Sorprendentemente, las cosas no cambiaron con la fundación de la Unión Astronómica Internacional (UAI). En el momento de escribir esto hay mil quinientos noventa y cuatro cráteres con nombre propio aprobados por la UAI. De ellos, quinientos sesenta y siete fueron aprobados en 1935, y corresponden a los compilados por Mary Adela Blagg y Karl Müller, es decir, eran los nombres ya usados con anterioridad a la creación de la UAI. En aquel listado de quinientos sesenta y siete nombres solo aparecen diez mujeres (lo que supone el 1,7%). Tras la creación de la UAI y hasta hoy, se han añadido mil veintisiete nuevos nombres más a esa lista (de ellos, en torno a la mitad —quinientos quince nombres— lo fueron en 1970).
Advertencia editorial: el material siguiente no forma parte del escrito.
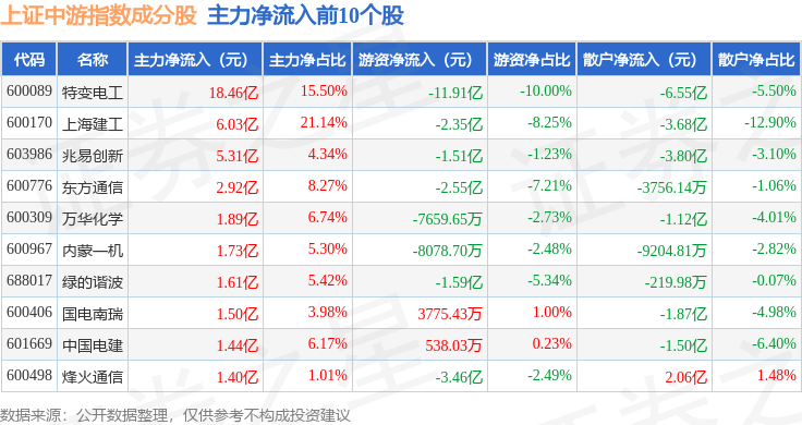 资金流向方面,上证中游(000095)指数成份股当日主力资金净流出合计255.09亿元,游资资金净流入合计82.52亿元,散户资金净流入合计172.56亿元。成份股资金流向详情见下表:

Pero de esos mil veintisiete, solo veintiuno corresponden a las mujeres cuyas vidas hemos esbozado aquí, con lo que se mantiene un porcentaje casi idéntico: un 2% del total.
Es cierto que la UAI, encargada de la nomenclatura astronómica, les ha reservado todo un gueto, perdón, planeta: en Venus, los cráteres mayores de veinte kilómetros de diámetro honran a “mujeres fallecidas que hayan contribuido a su campo de forma significativa o fundamental”, y los otros accidentes geográficos (montañas, valles, planicies, etc.), se reservan para diosas y heroínas mitológicas. Los ochocientos noventa y ocho cráteres nombrados van desde Frances Abington (1737-1815, artista inglesa), pasando por Joliot-Curie –un cráter de noventa y un kilómetros de diámetro que honra a Irène–, hasta Lidiya Zvereva  (1890-1916, aviadora rusa).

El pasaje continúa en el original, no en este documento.